サービスの具体的事例

みなと店での居宅療養管理症例

ある日、訪問ヘルパーさんから「患者様のお薬で困っているので助けて欲しい」という電話がありました。

まずは自宅に訪問してみたところ、その状態に驚きました。大量のお薬が残っていて、足の踏み場もない状態でした。また、患者様のQOLもあまり良くなく、元気をなくされていました。


主治医には次のように報告をしました。

4月15日

<薬剤管理指導の内容>

・今回、ニトラゼパム錠5mg、ユーロジン錠1mg、ルネスタ錠1mgを次回、受診の22日まで分として20Tずつ、内科のお薬7日分、整形外科のアセトアミノフェン原末を1日4回で飲むようにして21日分(前回交付分)を置いてきてそれ以外は処分します。

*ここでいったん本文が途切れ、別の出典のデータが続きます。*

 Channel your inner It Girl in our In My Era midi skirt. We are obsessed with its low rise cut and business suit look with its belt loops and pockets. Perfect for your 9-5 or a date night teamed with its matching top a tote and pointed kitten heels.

次回からは一包化をしてお渡しするということになりました。

<療養その他に関する報告事項>

1,利用者、家族からの情報

2,他の事業者、ケアマネへの情報:担当のヘルパー様にも薬情に残薬を記載して次回の診察時に持っていくように説明いたしました。

<医師への連絡事項>

・ほぼ、心療内科、整形外科のお薬は飲めていない状況で、今回別紙の残薬については処分させていただき、今後きちんと飲んでいただけるように処方を整理していただきたいとご高察の程お願いいたします。ただ、心療内科分の睡眠薬のニトラゼパム5mg、ユーロジン1mg、ルネスタ1mgは最近これで眠れるようになってきたとの事で服用し始めたようです。また、整形外科のアセトアミノフェン原末については1日2回しか服用してない現状が明らかになりました。

・外科の麻薬についてもオキシコンチン錠20mgになってから以前起こっていた、傾眠、意識低下、吐き気、便秘などの症状も落ち着いてきているようでした。

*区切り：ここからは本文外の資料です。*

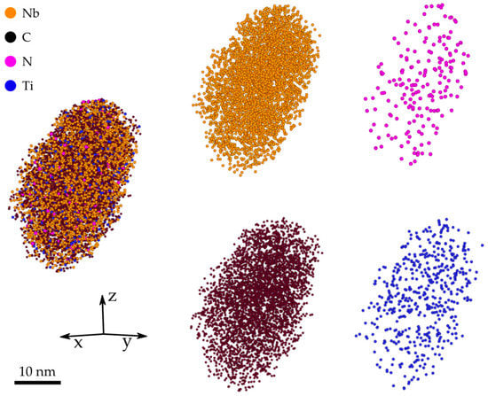 APT analysis of a bean-shaped particle similar to those in Figure 6f, but measured in the sample deformed at a lower austenite temperature and higher strain (850 °C, ε = 0.6), and quenched after holding for 200 s. Niobium, carbon, titanium, and nitrogen atoms are displayed.
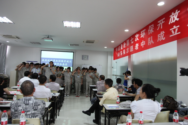“我志愿加入環(huán)保志愿者隊(duì)伍,從我做起,學(xué)習(xí)環(huán)保知識(shí),踐行環(huán)保方法,監(jiān)督破壞環(huán)保行為,積極參與環(huán);顒(dòng),以維護(hù)環(huán)境促進(jìn)企業(yè)和社會(huì)建設(shè),為環(huán)保事業(yè)盡自己最大的努力。” 三十多位環(huán)保志愿者代表莊嚴(yán)地宣讀了自己的環(huán)保誓言。這是華峰氨綸公司第七次環(huán)保開(kāi)放日活動(dòng)令人振奮的宣誓場(chǎng)面。
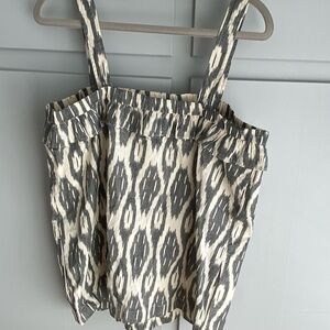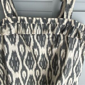 J.Crew Women’s Ikat Ruffle Flounce Tank Top Gray /Beige Cotton With Pockets Sz 8
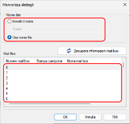 È possibile fare clic su [Recupera informazioni mail box] per visualizzare i nomi delle mailbox registrate.
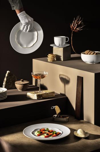 „Sonetto“, italienisch für „das Sonett“, steht für die älteste Form italienischer Poesie, ein melodisch vorgetragenes Gedicht. Und so schafft Rosenthal mit der neuen Kollektion ein wahres Gedicht aus Porzellan. Statt Strophen und Versen orchestriert die neue Linie organische und florale Formen sowie vielfältige Materialien. Kulinarische Highlights können auf verschiedenen Ebenen kunstvoll in Szene gesetzt werden. Bei den Tellern spielt Sonetto mit Höhen und Tiefen sowie Trompe-l´Oeil Optik. Ein erhobener Spiegel in Blütenform setzt beispielsweise feinste Gerichte auf eine Art Podest. Florale Formen kommen zudem bei den verschiedenen Bowls, Tassen und Tellern zum Einsatz, sei es bei der äußeren Formgebung oder bei kleinen Details wie bei den Henkeln der Tassen. Farblich orientiert sich die Kollektion an feinen weißen Glasuren, teils glänzend, teils matt. Goldränder setzen elegante Akzente. Mit rauem Handmade-Charakter und in robusten Formen aus Steinzeug hergestellt, setzen hingegen Schalen auf Fuß, Bowls, Gießer oder kleine Gefäße mit oder ohne Deckel gekonnt Kontraste zu den feinen Porzellanartikeln.

その後、処方内容を整理していくと患者様も見る見るうちに回復し、シャキッと元気になりました。

また、麻薬についても次のように提案しました。

4月23日

<症状に関する情報>

・今回は調整していただいた、内科・心療内科・整形外科薬を服薬カレンダーに整理してセットし案内して来ました。

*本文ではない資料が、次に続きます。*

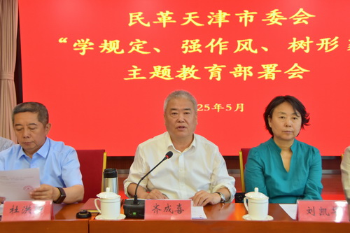 5月26日下午,民革天津市委会“学规定、强作风、树形象”主题教育部署会在团结大厦召开。天津市政协副主席、民革天津市委会主委齐成喜出席会议并讲话。市委会副主委刘凯华、杜洪印、王红梅、孙晓光、郭书宏、耿延候出席。市委会秘书长周潮洪主持会议。
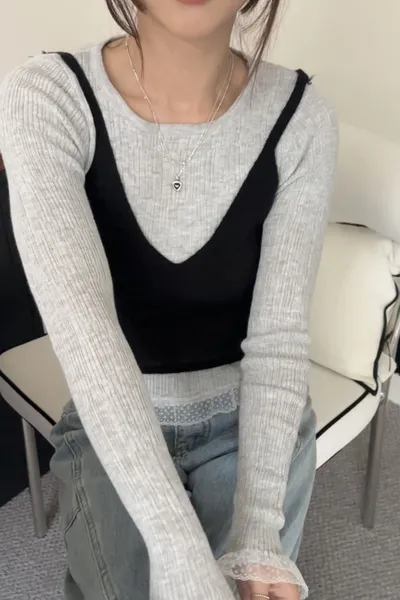 【NG小瑕疵優惠】初春元氣疊穿 上衣+背心SET

・アセトアミノフェン原末を一日4回きちんと服用するようになって大分痛みの方は落ち着いてきた感じです。ただ、睡眠中のカバーが少し手薄になる感じでその時に現在、服用を控えているオキシコンチンをどう使うか相談を受けました。

<服薬状況に関する情報>

・服薬カレンダーセット(とりあえず2週分づつ)して途中で再度伺うようにしました。

・また、多量の残薬が見つかりました。
オキノーム散5mg 92包、10mg 30包
が出てきました。もう使わないとのことで預かってきました。

<医師への連絡事項>

・現在、整形外科で打っていただく点滴とアセトアミノフェン原末 4g 4X1で痛みは日中コントロール出来てきた感じです。ただ、就寝中の痛みのコントロールが良くないとの事で残っているオキシコンチン錠20mgを夜9時に飲んでいただくようにとりあえず説明してきました。また、その結果を次回お知らせいただき、先生にもお知らせしていただくようにご本人様にも説明させて頂きました。

5月2日

<症状に関する情報>

・前回から痛みは少し落ち着いている様子で前回話していた、オキシコンチン錠20mgの夜1回だけ服用で睡眠中の痛みは何とかコントロールできているとの事でした。また、毎日は飲んでなく前回から3~4回ほど服用したとの事でした

・最近ムカムカ感がちょっと多くなってきているとの事で市販の三共胃腸薬か、大正漢方胃腸薬など飲もうと買ったとの事でした。

<服薬状況に関する情報>

・服薬カレンダーのセット分で昼食後分だけが4日分ほど飲み残しがありましたので理由をお伺いしたところ、ヘルパーさんの訪問時間の関係で、朝食が10時ごろ、夕食が16時ごろで、昼食はプリンかヨーグルトだけを食べるため、くすりを飲まないことがわかった。

<医師への連絡事項>

・介助ヘルパーさんの訪問時間の関係で食事時間の間隔が短くなっていることが判明し、昼食後のお薬が飲めないという事がわかりました。

ただアセトアミノフェンについては現在の4gの用量はあっているように思われますので1回の用量バランスを変更していただく事を主治医にお願いしました。


フェントステープ1mg+アセトアミノフェン4gですっかり落ち着いております。

薬剤師と介助ヘルパーさん、そして医師の連携で、患者様のコンプライアンスと体調が良くなった一例をご紹介しています。